12 2003 Annual Report and Form 10-K PPG Industries, Inc.
Backlog
In general, PPG does not manufacture its products against a backlog of orders. Production and inventory levels are geared primarily to projections of future demand and the level of incoming orders.
Non-U.S. Operations
Although PPG has a significant investment in non-U.S. operations, based upon the magnitude and location of investments, management believes that the risk associated with its international operations is not significantly greater than that of domestic operations.
Employee Relations
The average number of persons employed worldwide by PPG during 2003 was 32,900. The Company has numerous collective bargaining agreements throughout the world and believes it will be able to renegotiate any such agreements on satisfactory terms. The Company believes it has good relationships with its employees.
Environmental Matters
Like other companies, PPG is subject to the existing and evolving standards relating to the protection of the environment. Capital expenditures for environmental control projects were $9 million in 2003, $8 million in 2002 and $22 million in 2001. It is expected that expenditures for such projects in 2004 will approximate $14 million. Although future capital expenditures are difficult to estimate accurately because of constantly changing regulatory standards and policies, it can be anticipated that environmental control standards will become increasingly stringent and costly.

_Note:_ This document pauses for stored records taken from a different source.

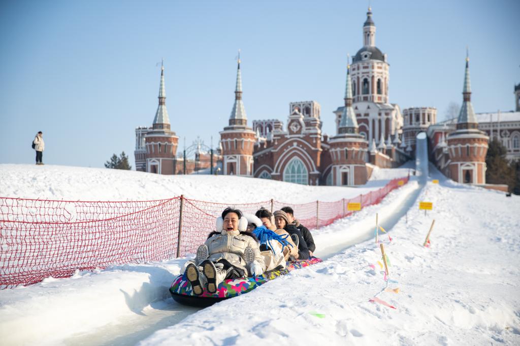 1月7日,游客在“冰城”哈尔滨市的著名旅游景点伏尔加庄园内游玩。新华社记者 张涛 摄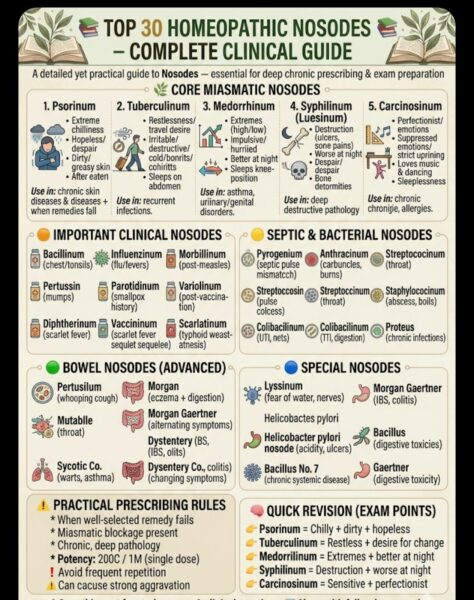NB. Les souches françaises (laboratoire Boiron) de ces remèdes ayant été passées à l’autoclave, elle n’ont pratiquement plus aucun effet : préferez les souches originales disponibles chez certains fournisseurs (exemple : lab. Schmidt-Nagel à Genève) …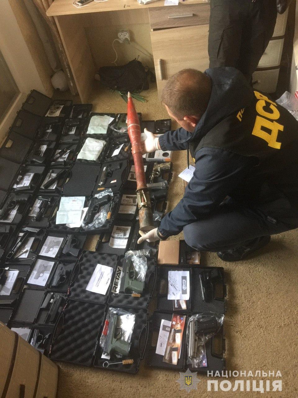 Поліцейські провели 49 санкціонованих обшуків у Дніпропетровській, Харківській, Київській та Тернопільській областях. Вилучили 49 пістолетів, підготовлених до переробки, та бойові пістолети, майже 6000 набоїв різного калібру, снаряд, схожий на боєприпас від РПГ-9, три гранати, складові частини зброї, обладнання, призначене для переробки пістолетів на бойові. Крім того - «чорнові» записи, поштові накладні, 15 000 доларів США, понад 34 000 гривень.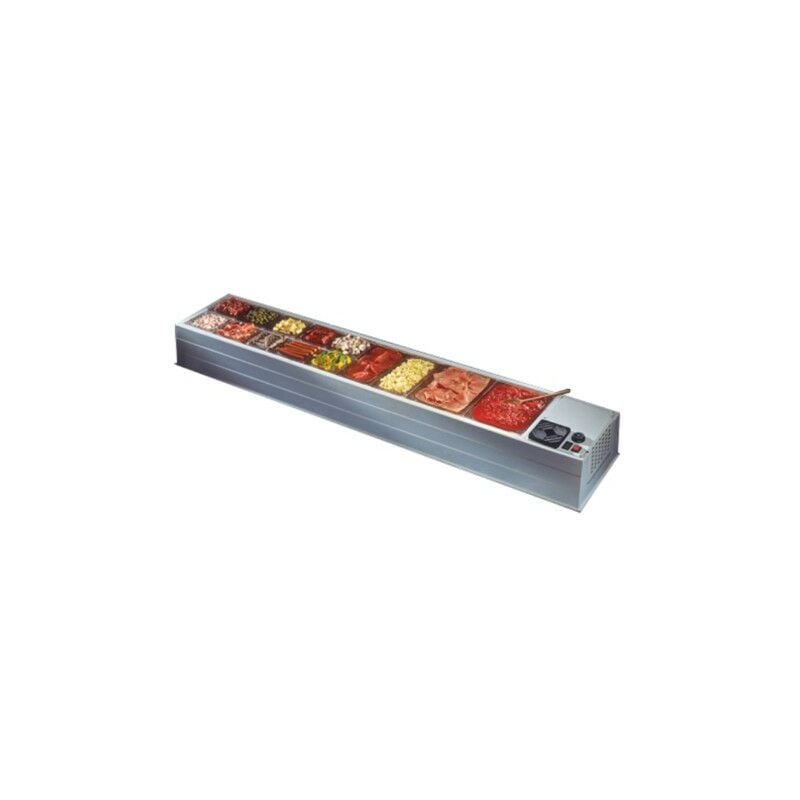 Codice RS2251 - Frigorifero da banco modello TC-MAXI, dimensioni cm. 208x41x22 (lxpxh), peso 30 kg, temperatura di esercizio +2/+10°C, 230 volt, 180 watt, vaschette e coperchi in acciaio inox o policarbonato disponibili in varie combinazioni di dimensioni (OPTIONAL a richiesta). Disponibile nei colori: bianco. A richiesta: supporto per il montaggio elevato sopra il banco, vetrinetta superiore in plexiglass. Isolamento ECO senza CFC. Struttura in materiale plastico ad alta resistenza (ABS): questo permette di avere macchine più leggere, con bordi arrotondati esternamente ed internamente, con superfici antiriflettenti. Evaporatore in rame. Compressore silenzioso, basso consumo di energia, facile manutenzione, pulizia facilitata.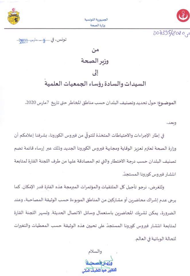 دعت وزارة الصحة رؤساء الجمعيات العلمية إلى تأجيل كل الملتقيات والمؤتمرات المبرمجة هذه الفترة قدر الإمكان وذلك في إطار التوقي من فيروس كورونا المستجد.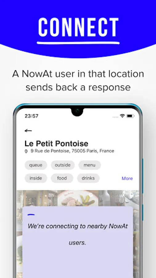 NowAt is a socialised search platform that gives you access to in-the-moment information about any location.

PPG is negotiating with various government agencies concerning 89 current and former manufacturing sites, and offsite waste disposal locations, including 23 sites on the National Priority List (NPL). The number of sites is comparable with the prior year. While PPG is not generally a major contributor of wastes to these offsite waste disposal locations, each potentially responsible party may face governmental agency assertions of joint and several liability. Generally, however, a final allocation of costs is made based on relative contributions of wastes to the site. There is a wide range of cost estimates for cleanup of these sites, due largely to uncertainties as to the nature and extent of their condition and the methods that may have to be employed for their remediation. The Company has established reserves for those sites where it is probable that a liability has been incurred and the amount can be reasonably estimated. As of Dec. 31, 2003 and 2002, PPG had reserves for environmental contingencies totaling $92 million and $87million, respectively. Pretax charges against income for environmental remediation costs in 2003, 2002 and 2001 totaled $21 million, $15 million and $29 million, respectively.
The Companys experience to date regarding environmental matters leads PPG to believe that it will have continuing expenditures for compliance with provisions regulating the protection of the environment and for present and future remediation efforts at waste and plant sites. Management anticipates that such expenditures will occur over an extended period of time. Over the past 10 years the pretax charges against income have ranged between $10 million and $49 million per year. We anticipate that charges against income in 2004 will be within that range. It is possible, however, that technological, regulatory and enforcement developments, the results of environmental studies and other factors could alter this expectation. In managements opinion, the Company operates in an environmentally sound manner, is well positioned, relative to environmental matters, within the industries in which it operates, and the outcome of these environmental contingencies will not have a material adverse effect on PPGs financial position or liquidity. See Note 13, Commitments and Contingent Liabilities, under Item 8 of this Form 10-K for additional information related to environmental matters.
Internet Access
The website address for the Company is www.ppg.com. The Companys recent filings on Forms 10-K, 10-Q and 8-K and any amendments to those documents can be accessed without charge on that website under Financial, SEC EDGAR.
See Item 1. Business for information on PPGs production and fabrication facilities.
Generally, the Companys plants are suitable and adequate for the purposes for which they are intended, and overall have sufficient capacity to conduct business in the upcoming year.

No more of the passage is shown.